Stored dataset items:
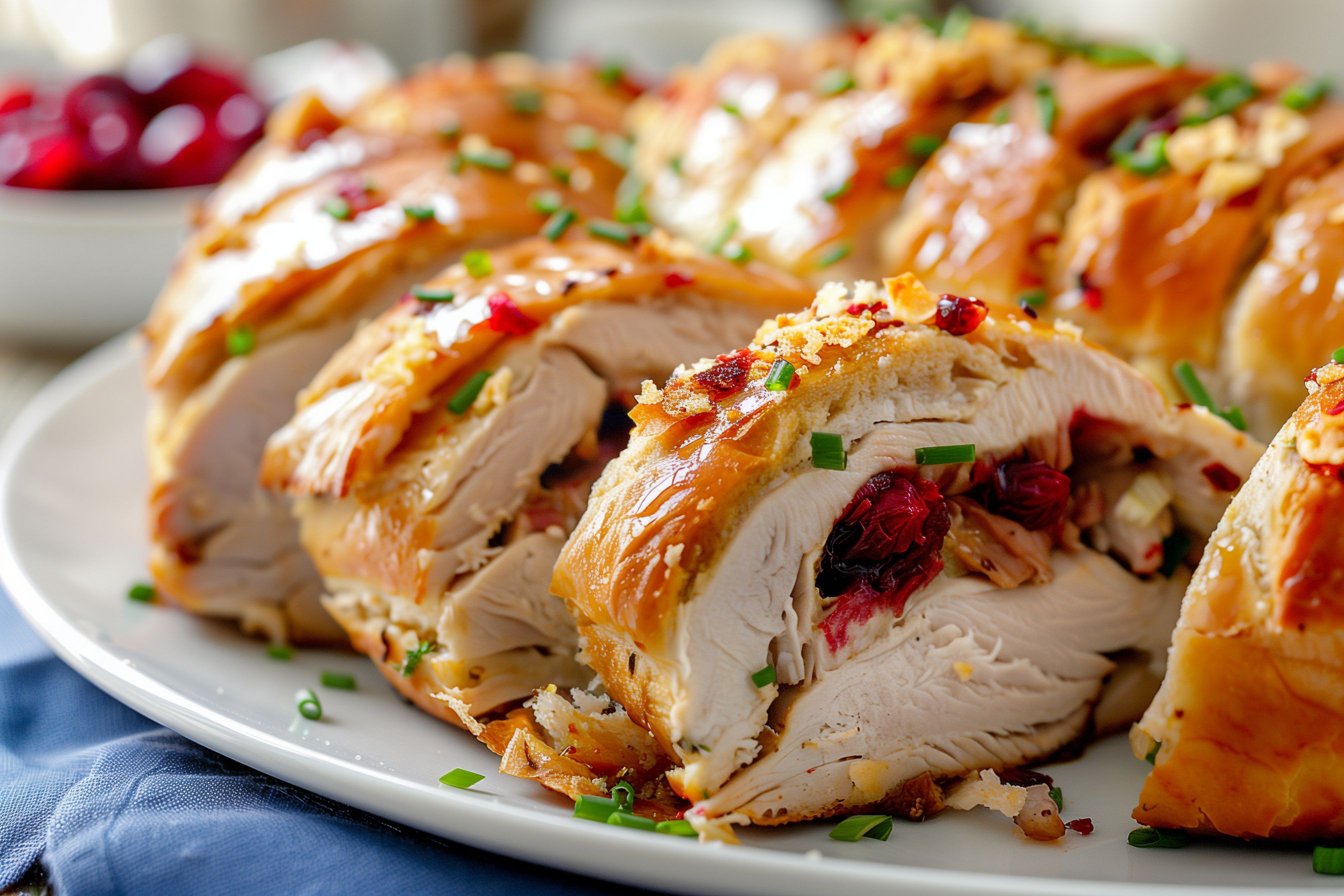 Dieses Foto zeigt eine Nahaufnahme einer gefüllten Putenbrust, die mit Preiselbeeren und Gewürzen zubereitet wurde. Das Fleisch ist goldbraun gebraten und saftig, die Preiselbeeren verleihen dem Gericht einen leckeren, süß-säuerlichen Geschmack. Das Foto ist im rustikalen Stil aufgenommen, mit einer natürlichen Farbgebung und scharfer Fokussierung. Dieses Bild eignet sich hervorragend für kulinarische Blogs, Kochbücher, Werbematerialien für Lebensmittel oder Rezeptsammlungen rund um das Thema Herbstküche und Festtagsessen. Als hochwertiges Stockfoto in hoher Auflösung und unter Creative-Commons-Lizenz ist es für viele Verwendungszwecke frei nutzbar.
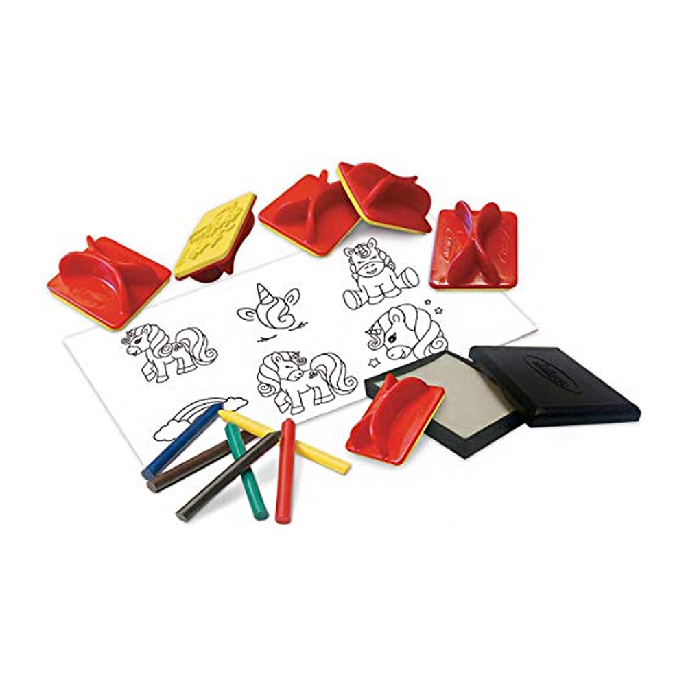 Carimbar é muito divertido, ainda mais em boa companhia. O conjunto de carimbos Unicórnio traz vários modelos, é um produto educativo com 6 carimbos diferentes, de cabo plástico e borracha atóxica. Acompanha bloco de papel e giz de cera para colorir as imagens carimbadas durante a brincadeira.
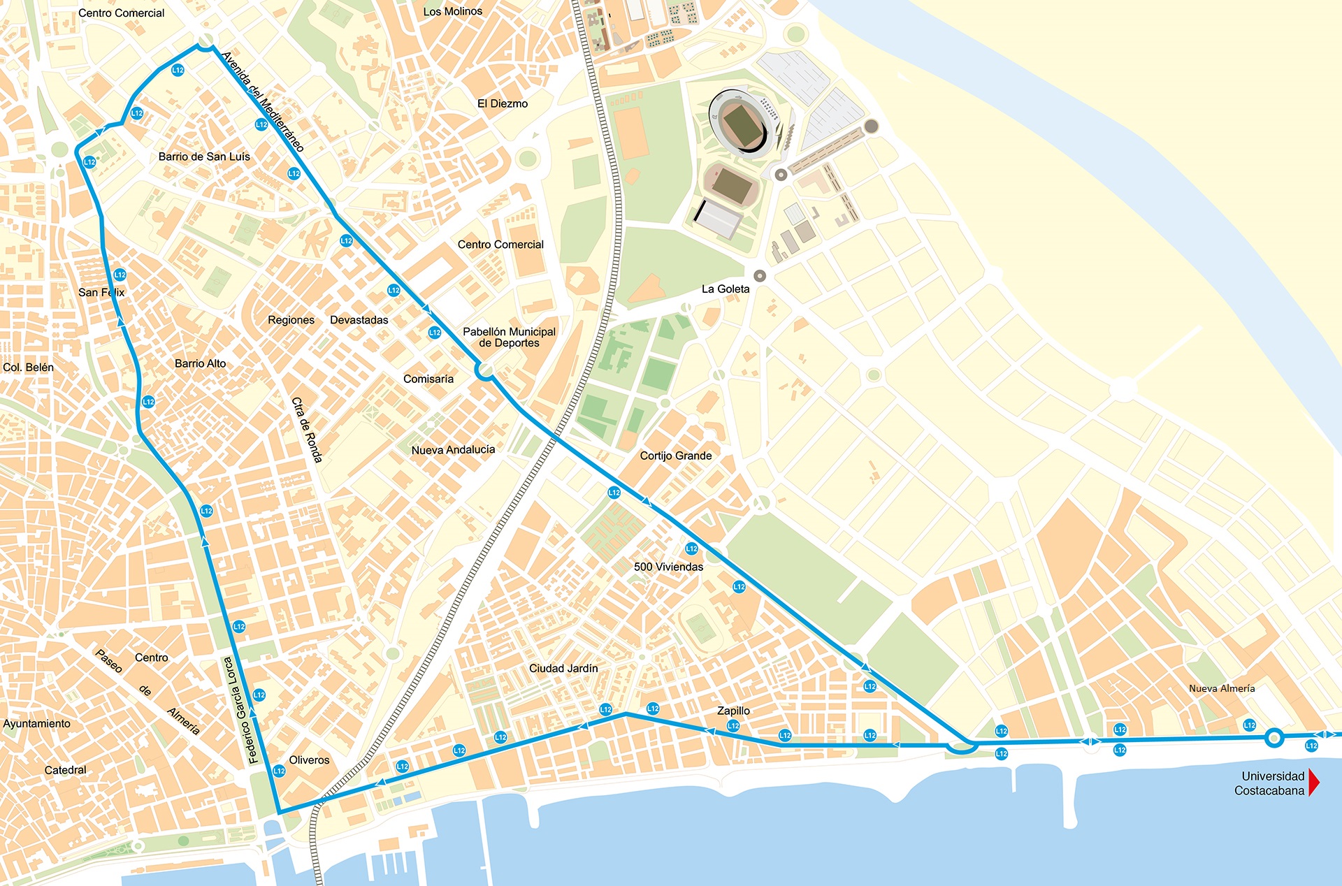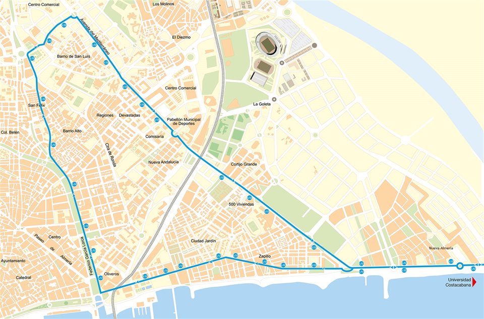 • Todos los servicios finalizarán su trayecto en: Parada 150 → Nueva Almería
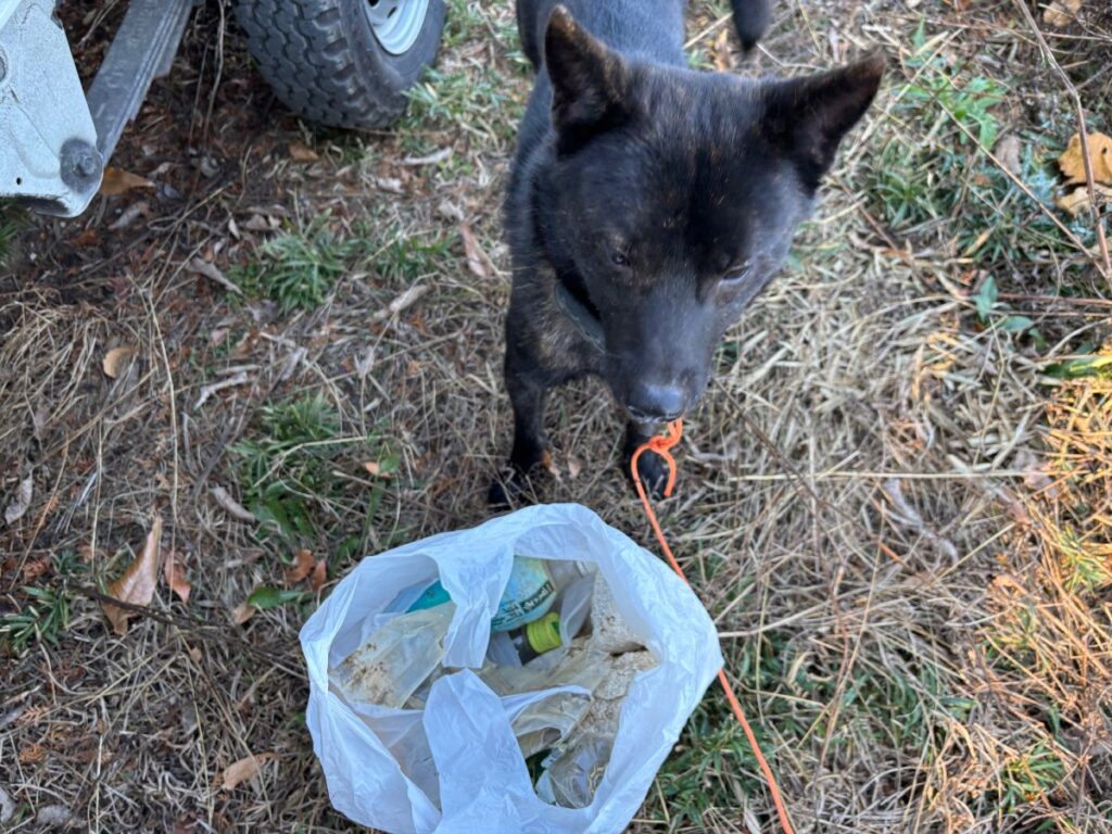 犬との山歩きでゴミ拾い
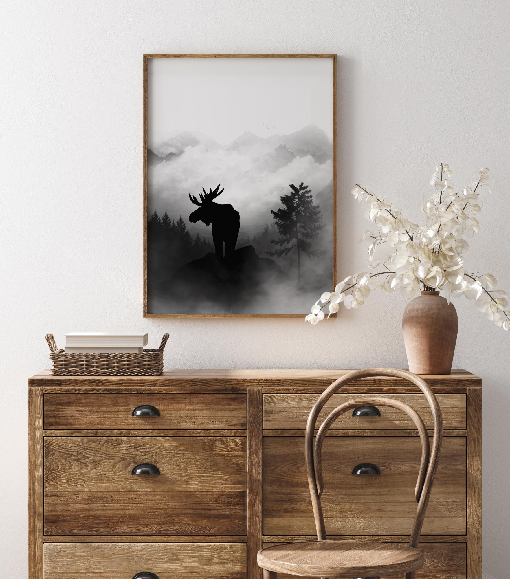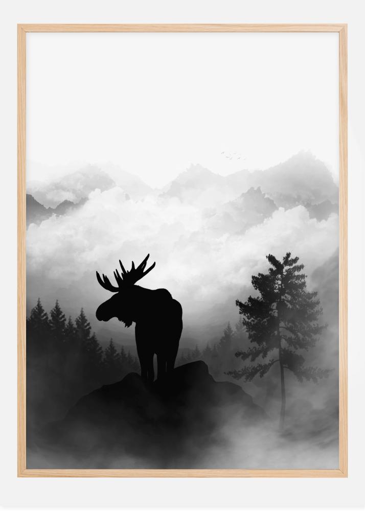 Naturnära grafisk konst av en ståtlig älg omgiven av skog och dimhöljda berg, skapad av Gabriella Roberg. En snygg och stilren poster i svartvitt med en härlig illustration av skogens konung.
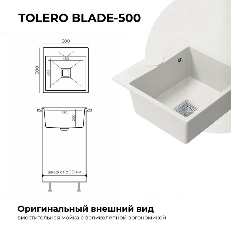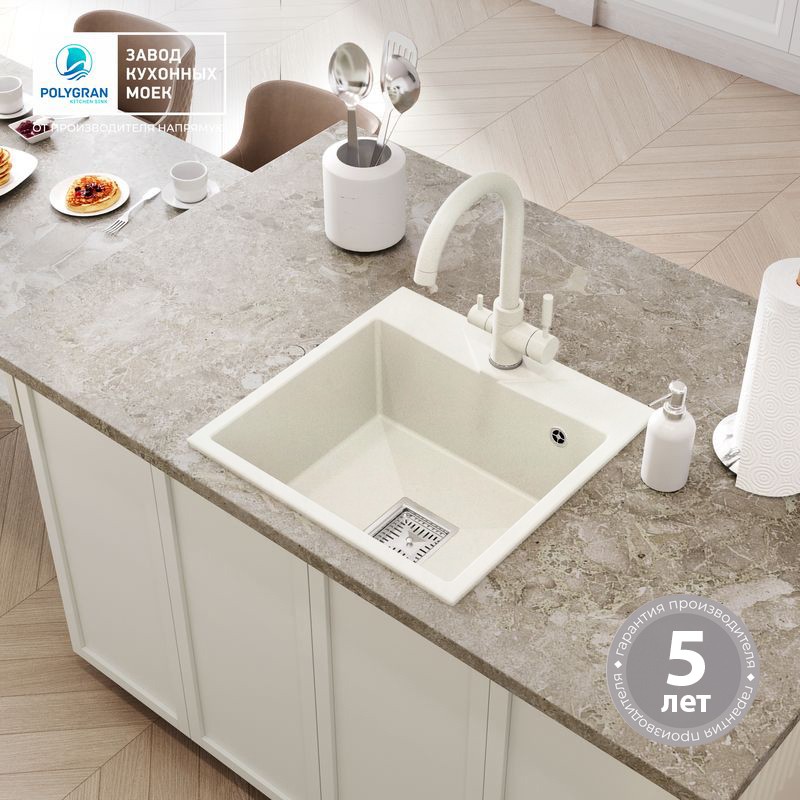 Мойка кухонная Polygran BLADE 500, Белый Хлопок №36, врезная на столешницу, искусственный камень, квадратная, размеры (ШхД): 50x50 см
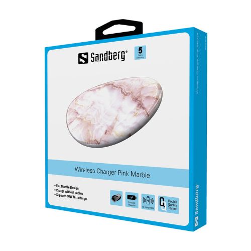 Със Sandberg Wireless Charger Pink Marble можете да зареждате своя смартфон изцяло безжично! Само поставете своя смартфон върху стилната поставка за зареждане. Това е всичко! Вашият телефон ще започне незабавно да се зарежда без да е необходимо да прикрепяте каквито и да било кабели към него. Зарядното устройство поддръжка QI съвместими смартфони.✔ Плосък мраморен дизайн.✔ Зареждайте без кабели.✔ Поддържа 10W бързо зареждане.
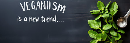 chalkboard with fresh green leafy vegetables with the word vegan written down
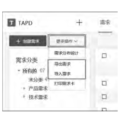 在需求列表上方,单击“更多操作”,在下拉选项中选择对应选项,即可进行需求的批量导入与导出,如图9-17所示。
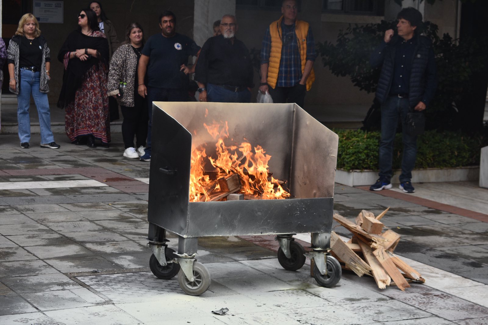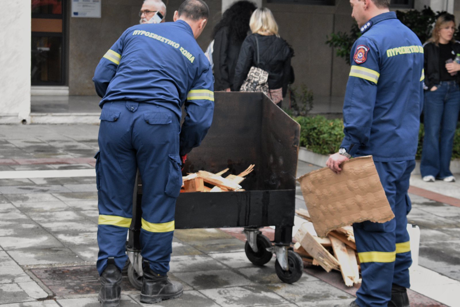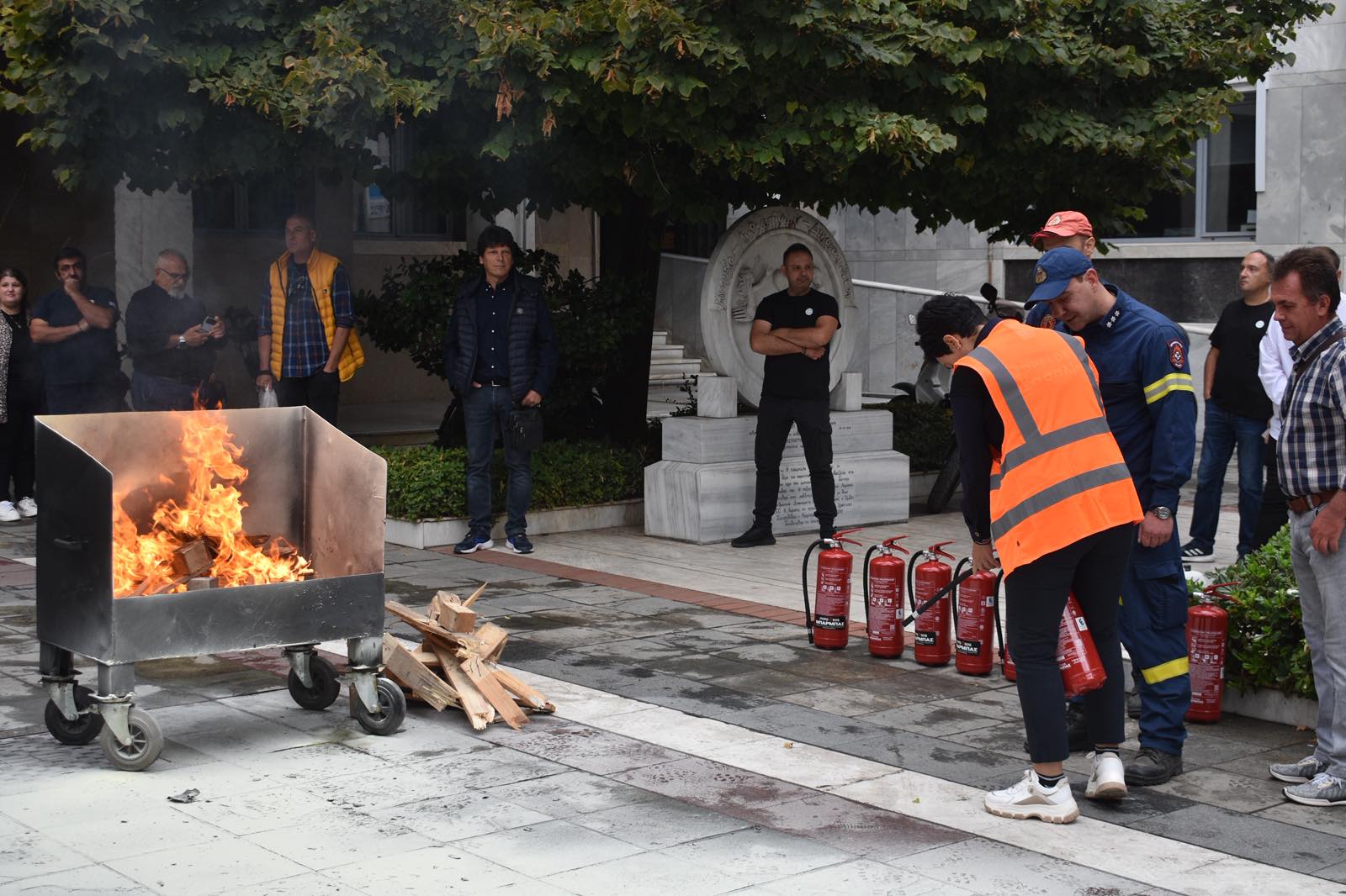 Στον εξωτερικό χώρο του κτιρίου πραγματοποιήθηκε άναμμα ελεγχόμενης φωτιάς, ενώ στη συνέχεια έγινε επίδειξη κατάσβεσης με φορητούς πυροσβεστήρες. Στελέχη της Πυροσβεστικής Υπηρεσίας εξήγησαν τη σωστή χρήση των μέσων πυρόσβεσης, δίνοντας παράλληλα τη δυνατότητα σε εργαζόμενους να συμμετάσχουν πρακτικά στην άσκηση.
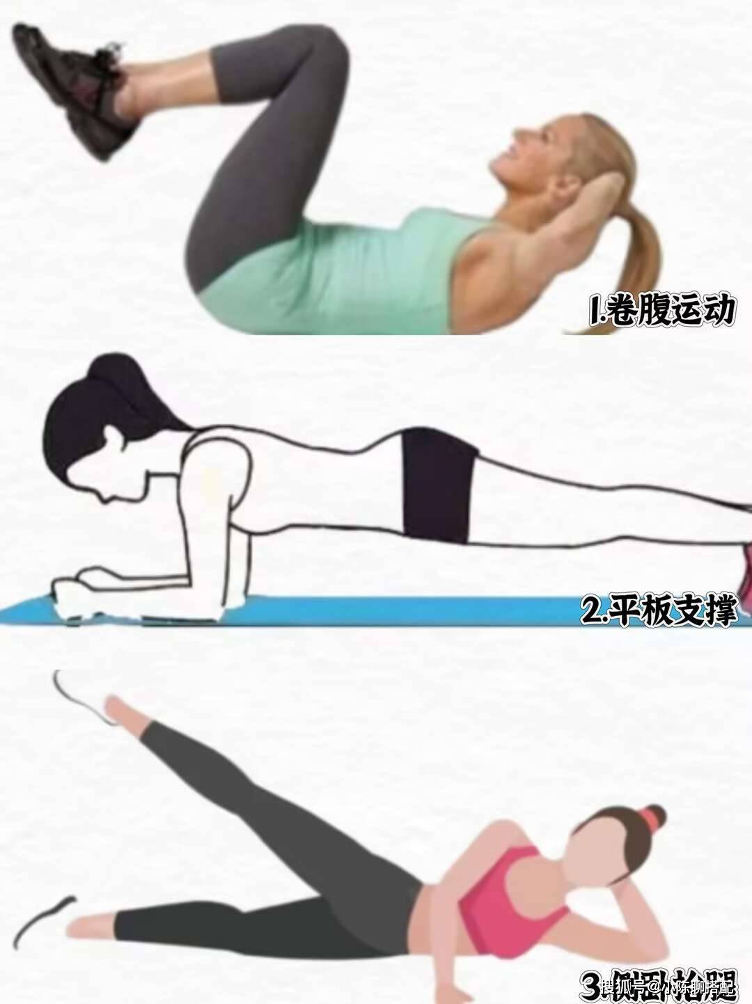 第三个动作就是侧卧抬腿,通过抬腿去挤压侧腰肌肉,这样的三个动作,每天做个2-3组,一组20个左右就可以啦!

WORK REQUEST:
What's needed is an exact copy of the records above from the line containing "犬との山歩きでゴミ拾い" down to the line containing "chalkboard with fresh", both included, without any pictures.

EXERCISE ANSWER:
 犬との山歩きでゴミ拾い
 Naturnära grafisk konst av en ståtlig älg omgiven av skog och dimhöljda berg, skapad av Gabriella Roberg. En snygg och stilren poster i svartvitt med en härlig illustration av skogens konung.
 Мойка кухонная Polygran BLADE 500, Белый Хлопок №36, врезная на столешницу, искусственный камень, квадратная, размеры (ШхД): 50x50 см
 Със Sandberg Wireless Charger Pink Marble можете да зареждате своя смартфон изцяло безжично! Само поставете своя смартфон върху стилната поставка за зареждане. Това е всичко! Вашият телефон ще започне незабавно да се зарежда без да е необходимо да прикрепяте каквито и да било кабели към него. Зарядното устройство поддръжка QI съвместими смартфони.✔ Плосък мраморен дизайн.✔ Зареждайте без кабели.✔ Поддържа 10W бързо зареждане.
 chalkboard with fresh green leafy vegetables with the word vegan written down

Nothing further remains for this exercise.